Анастас исчез, растворился в свежем воздухе Лазаревского, как дым. Эльвира нисколько о нем не грустила. Даже как будто очнулась от любовной горячки, принялась обустраивать с каким-то особым рвением дом, занялась собой, познакомилась с маникюршей Анютой, которая приходила раз в неделю заниматься и без того ухоженными ручками и ножками Эльвиры. Время от времени появлялась и массажистка Эмма, здоровенная, сильная женщина, от которой всегда пахло ванилью, словно она была набита ванильными булочками.
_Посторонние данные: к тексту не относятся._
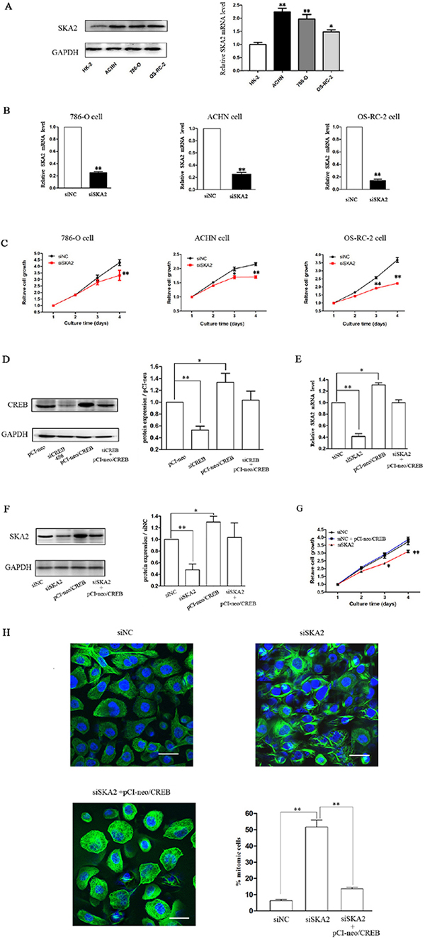 Figure 4: SKA2 is involved in CREB-regulated cell proliferation. The mRNA and protein levels of SKA2 in RCC cells were significantly higher than HK-2 cell (A). After cells were transfected with siSKA2, the mRNA levels were significantly decreased (B), cell proliferation was inhibited (C). However, overexpression of CREB in OS-RC-2 cells co-transfected with pCI-neo/CREB (D), reversed siSKA2-reduced mRNA level (E), protein levels (F), cell growth (G) and cell division (H). Data are shown as mean ± SD from three independent experiments. *P < 0.05, **P < 0.01 versus HK-2 cell or siNC treatment. Scale bar, 10 μm.

Хотя сладкий запах этот шел скорее всего от персикового или абрикосового масла, которым массажистка пользовалась при массаже и который впитался в кожу ее рук.
Морской курорт готовился к сезону, возводились новые гостиницы, повсюду шел ремонт, пахло строганой доской, краской, сырым цементом, некоторые улицы были перекопаны, по траншеям прокладывались трубы, в садах жгли прошлогоднюю листву, от чего по городку плыл горьковатый запах дыма. Появлялись первые гости, которые непонятно зачем приезжали ранней весной, разве что просто вырывались из грязных и холодных городов, чтобы погреться на южном солнышке, подышать морским воздухом да отоспаться в тишине и покое гостиничного номера.
Эльвира Андреевна купила машину, темно-синий «Фольксваген», и каталась на нем по городку, даже в соседнюю булочную отказывалась ходить пешком. Охотно возила Наташу на базар, где они, не спеша, с удовольствием выбирали овощи и фрукты.
Эльвира Андреевна в самом начале их знакомства рассказала Наташе, что она – вдова, что муж ее был крупным московским бизнесменом, да умер полгода тому назад, оставив ей недвижимость и деньги. Остальное Наташа могла только додумывать: нигде не работала, жила в свое удовольствие, что и продолжает делать после смерти любимого супруга.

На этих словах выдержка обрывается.